We have been cooperating with AlphaCHIP for about five years. Most of the tasks we receive from them are research-intensive and relate to the application of artificial intelligence in various fields, such as the development of CAD systems for integrated circuit synthesis, image, video and audio processing, hardware implementation of neural networks, the creation of various specialised datasets, and much more. It is encouraging to see our cooperation reaching a new level.’
In addition, there are plans to involve AlphaCHIP specialists in the research work of undergraduate and postgraduate students in microelectronics, including the supervision of final qualification works, doctoral research, and the publication of joint academic papers. Another area of cooperation is the organisation at MIEM of seminars and lecture courses for AlphaCHIP employees aimed at enhancing their professional skills.

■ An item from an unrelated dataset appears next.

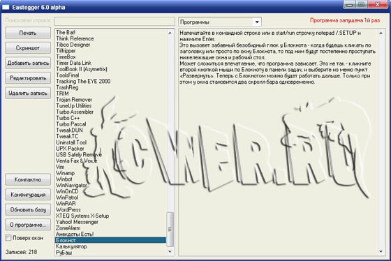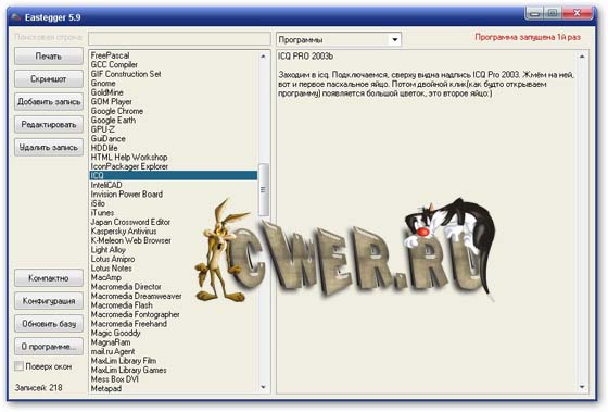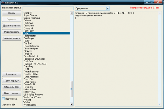 Известно, что у каждого есть свои секреты, это знают все. Вот и у каждой программы есть свои секреты. Eastegger здесь не исключение ;-). Эта программа содержит базу данных с описаниями пасхальных яиц (скрытых возможностей в программах), которые разработчики часто скрывают в своих творениях. В ней имеются секреты к большому числу программ, операционным системам, играм, мобильным телефонам, карманным компьютерам и с каждой новой версией этот список расширяется. База обновляется ежемесячно.

‘Today, the microelectronics industry faces a whole range of fundamental challenges, and the quality and speed with which they are addressed will, without exaggeration, determine the future of the entire IT industry in Russia,’ said Alexander Stempkovskiy, Chief Executive Officer of AlphaCHIP and Academician of the Russian Academy of Sciences. ‘This is not only about achieving technological independence, in which microelectronics plays a special role, but also about attaining technological leadership for Russia, as we are living in a highly competitive world. AlphaCHIP’s unique developments allow us to say that such goals are achievable. One of the necessary conditions for this is the consolidation of all stakeholders in the industry, and in this context, scientific cooperation between AlphaCHIP and universities such as MIEM, which possess strong intellectual resources among their specialists and enormous student potential, is not merely desirable but essential.’
‘From the perspective of the scientific component, the field of microelectronics in Russia is currently experiencing a second renaissance driven by the need to create fully domestic software capable of supporting modern computer-aided design systems, which themselves must also be domestically developed. This opens up a vast range of challenges for researchers. This applies both to development and design, including of microchips, and to the application of the latest advances in neural networks and artificial intelligence,’ concluded Roman Solovyov, Professor at MIEM, Corresponding Member of the Russian Academy of Sciences, Deputy CEO for Innovation at AlphaCHIP, and winner of the Sber Scientific Award 2025.